Pendant que les pommes de terre tiédissent (max 15 min), couper chaque prune en deux à la verticale, retirer le noyau. Mélanger sucre fin et cannelle dans un bol. Reformer chaque prune en glissant 1/4 cuillère à café de sucre cannelle à la place du noyau, refermer délicatement — la peau des prunes Stanley ou quetsches tient sans problème.
Sur les pommes de terre tièdes (pas chaudes !), ajouter la farine, la semoule, l'œuf et le sel. Mélanger d'abord à la fourchette, puis à la main jusqu'à formation d'une pâte souple, légèrement collante mais qui se travaille. Si trop collante, ajouter 20-30 g de farine supplémentaire — sans excès, la pâte doit rester tendre.
Diviser la pâte en 12 portions égales (une par prune). Aplatir chaque portion dans la paume en disque de 8-10 cm. Déposer une prune au centre, remonter la pâte autour en pinçant pour fermer hermétiquement — aucun trou, sinon la prune fuit à la cuisson. Rouler entre les paumes pour une boule régulière de la taille d'une balle de tennis.

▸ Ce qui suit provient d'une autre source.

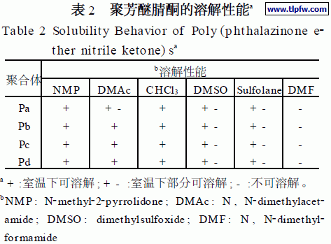 通过X 射线衍射测试表明聚合物均具有无定型结构,这是因为在聚合物主链中引入非对称性的杂萘联苯结构,破坏了聚合物大分子链结构对称性;同时,体积较大的杂萘联苯结构具有扭曲非共平面的立体构象,降低了分子链间作用力和结晶度。对聚合物进行的溶解性能测试也证明了上述结论,如表2 可知,所合成的聚芳醚腈酮可在室温下溶解于氯仿、N-甲基-2-吡咯烷酮和N ,N-二甲基乙酰胺,加热条件下溶解于二甲基亚砜和环丁砜等极性非质子溶剂中。将聚芳醚腈酮溶解于NMP 配制成聚合物溶液,通过浇铸成膜的方法可制成透明的韧性薄膜,表明该类聚合物具有良好加工和应用前景。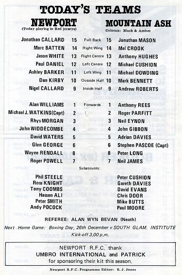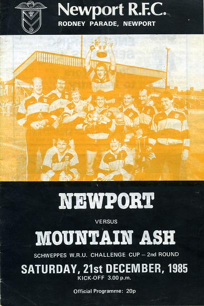 "Cup rugby returns to Rodney Parade this afternoon with the visit of Mountain Ash in the 2nd round of this season's Schweppes W.R.U. Challenge Cup competition. A great deal of water has passed under Newport Bridge, and even George Street Bridge has been built since the "Old Firm" last visited Rodney Parade. The other "Black and Ambers" lost here on 31st March 1902, when Newport, led by G.LI. Loyd, won by 22pts to 3pts."

Porter une grande casserole d'eau salée à frémissement (PAS gros bouillon, sinon les boulettes éclatent). Plonger les boulettes par 6 maximum, baisser à frémissement régulier. Cuire 12-15 minutes : les boulettes remontent en surface après 5-6 minutes, prolonger 8 minutes au-delà du moment où elles flottent.

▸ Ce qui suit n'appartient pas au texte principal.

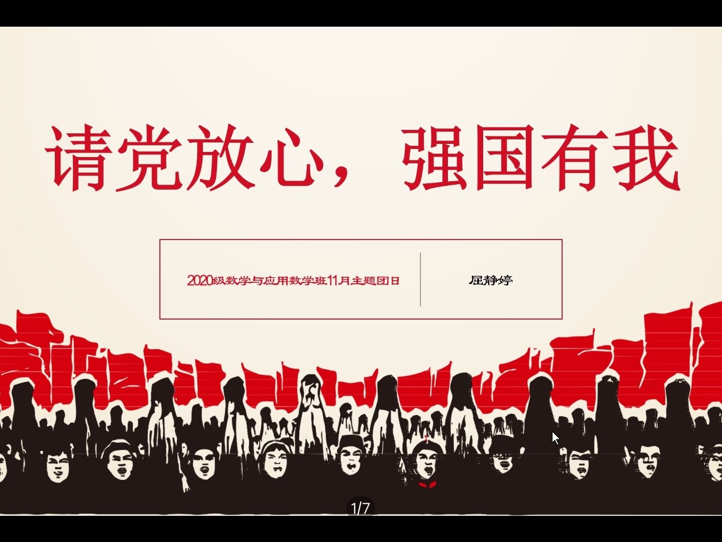 本站讯 为贯彻落实习近平总书记关于办好思政课的重要论述,以习近平新时代中国特色社会主义思想立德树人、铸魂育人,10月25日至10月27日,万象城娱乐awc线路2020级数学班以“请党放心,强国有我”为主题开展为期三天的主题团日活动,团支书屈静婷组织,2020级数学班全体同学参与。

Pendant la cuisson des boulettes, faire fondre le beurre dans une grande poêle à feu moyen. Ajouter la chapelure, la cassonade, mélanger constamment à la spatule jusqu'à coloration dorée et parfum de noisette (5-7 minutes). Attention à ne pas brûler — feu modéré indispensable.
Sortir les boulettes de l'eau à l'écumoire, égoutter brièvement, les transférer encore chaudes et humides dans la poêle de chapelure. Rouler délicatement chaque boulette pour qu'elle s'enrobe complètement — la chapelure adhère grâce à l'humidité de surface.
Disposer 3 boulettes par assiette chaude. Saupoudrer généreusement de sucre glace + une pincée de cannelle. Servir IMMÉDIATEMENT, encore chaudes — la pâte de pomme de terre durcit si elle attend trop. Un filet de tejföl (crème aigre) à côté est un accompagnement traditionnel qui équilibre le sucre.